We isolated the cytoplasmic and nuclear fractions from the lung tissue and determined the protein content using a Bradford assay. Subsequently, lung protein lysates (30 μg per lane) were separated via 10%–12% sodium dodecyl sulfate-polyacrylamide gel electrophoresis. Immunoblots were then performed in accordance with the method described previously.⁹ The blots were subjected to probing with specific antibodies, including anti-ALDH2, anti-4-HNE (diluted at 1:1000, Abcam, Waltham, MA, USA), anti-PI3K, anti-AKT, anti-pAKT, anti-cleaved caspase 3, anti-NF-κB p65, anti-phospho-NF-κB p65, anti-IκB-α (diluted at 1:1000, Cell Signaling Technology, Danvers, MA, USA), anti-Bcl-2 (diluted at 1:1000, Bioss Inc., Woburn, Massachusetts, USA), anti-lamin B1 (diluted at 1:200, Santa Cruz Biotechnology, Dallas, TX, USA), or β-actin (diluted at 1:10,000, Sigma Chemical Company, St. Louis, MO, USA). The data were expressed by determining the relative ratio of the target protein's content to that of the reference protein. The relative ratio of the target protein's content in the control group was established as 1.

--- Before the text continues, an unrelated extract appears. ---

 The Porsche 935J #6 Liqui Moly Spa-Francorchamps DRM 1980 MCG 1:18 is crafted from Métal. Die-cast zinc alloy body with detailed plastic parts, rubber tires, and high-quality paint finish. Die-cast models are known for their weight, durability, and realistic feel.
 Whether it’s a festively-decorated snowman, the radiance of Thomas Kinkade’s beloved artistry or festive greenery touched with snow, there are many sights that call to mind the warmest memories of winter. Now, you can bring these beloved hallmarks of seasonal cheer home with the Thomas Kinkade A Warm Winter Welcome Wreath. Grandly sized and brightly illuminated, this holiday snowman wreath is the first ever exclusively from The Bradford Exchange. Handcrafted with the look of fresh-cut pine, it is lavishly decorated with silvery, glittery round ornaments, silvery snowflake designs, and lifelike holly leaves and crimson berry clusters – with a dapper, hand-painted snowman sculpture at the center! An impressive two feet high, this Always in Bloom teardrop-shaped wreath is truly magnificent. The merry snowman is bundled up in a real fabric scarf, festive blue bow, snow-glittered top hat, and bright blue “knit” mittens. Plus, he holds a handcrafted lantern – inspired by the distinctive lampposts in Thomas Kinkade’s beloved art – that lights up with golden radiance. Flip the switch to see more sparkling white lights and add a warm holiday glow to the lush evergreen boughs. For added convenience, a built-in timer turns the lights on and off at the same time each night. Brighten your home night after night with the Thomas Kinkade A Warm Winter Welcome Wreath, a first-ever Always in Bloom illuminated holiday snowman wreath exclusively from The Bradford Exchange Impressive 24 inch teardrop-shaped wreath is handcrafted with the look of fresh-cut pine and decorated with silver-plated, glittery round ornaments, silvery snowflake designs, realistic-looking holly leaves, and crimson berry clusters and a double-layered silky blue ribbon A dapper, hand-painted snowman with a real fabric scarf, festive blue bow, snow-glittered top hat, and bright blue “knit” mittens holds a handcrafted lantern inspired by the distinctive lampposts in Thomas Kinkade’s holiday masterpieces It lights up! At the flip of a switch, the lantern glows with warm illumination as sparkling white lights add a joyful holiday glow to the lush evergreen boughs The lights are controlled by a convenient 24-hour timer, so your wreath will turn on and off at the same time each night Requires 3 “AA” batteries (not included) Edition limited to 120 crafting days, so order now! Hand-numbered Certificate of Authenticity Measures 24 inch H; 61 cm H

Histopathological analysis

We followed previously established methods for the analysis of neutrophil counts and lung injury scoring in the lung tissue, as detailed in reference.2²¹ In brief, lung tissues were fixed, sectioned, and subjected to hematoxylin and eosin (HE) staining. Morphological assessments were conducted using light microscopy. At least 10 fields were randomly selected for the evaluation of neutrophil infiltration in the airspace or vessel wall, as well as alveolar wall thickening. Two pathologists, blinded to the experimental groups, independently scored lung damage on a four-point scale: none (0), mild (1), moderate (2), or severe (3). The scores from each pathologist were combined to determine the overall lung injury score. Histological changes were assessed in randomly chosen fields under a 200× magnification.

Statistical analysis

Data analysis was performed using GraphPad Prism 9 statistical software (GraphPad Software, San Diego, CA, USA). The data is displayed in the form of the means ± standard deviations (SD). Based on the findings from our previous experiment,⁴ the Cohen's d assumption is calculated as 4.25, which corresponds to a large effect size. We established a two-tailed significance level of 0.05 and an expected power of 0.8. The sample size for each group was determined to be three, which is enough for detecting differences between the two groups, as calculated using GPower version 3.1.9.7. For the comparison between the treatment and control groups, we performed a one-way analysis of variance (ANOVA) followed by post hoc Bonferroni correction. Furthermore, we compared the lung weight gain (LWG) between groups through a two-way ANOVA with repeated measurements, and subsequent post hoc Bonferroni testing. Statistical significance was established with a threshold of p < .05.

Results

Alda-1 administration attenuates AE-induced acute pulmonary edema

The increased levels of inflammation markers in rats with AE-induced lung injury led to enhanced microvascular permeability and the accumulation of fluid in the alveoli. This was evident through higher values of LWG, LW/BW, W/D ratio, Kf, and protein levels in BALF after AE-induced lung injury. However, rats treated with Alda-1 at a dose of 20 mg/kg demonstrated significantly lower LWG, LW/BW, W/D ratio, K_f, and BALF protein levels than rats with AE-induced injury (Figure 1).

Figure 1.

Alda-1 effectively mitigated acute lung edema induced by AE, as evidenced by the significant improvements in several parameters: (a) LWG, (b) K_f, (c) LW/BW, (d) W/D weight ratios, and (e) protein content in BALF, which were significantly elevated in the AE group. Alda-1 significantly attenuated these increases. Among the different doses tested, 20 mg/kg Alda-1 demonstrated superior efficacy in reducing lung edema. The data, presented as the mean ± SD (n = 6 in each group), indicated statistical significance (*p < .05, **p < .01, ***p < .001) compared to the control + vehicle group and (#p < .05, ##p < .01, ###p < .001) compared to the AE group.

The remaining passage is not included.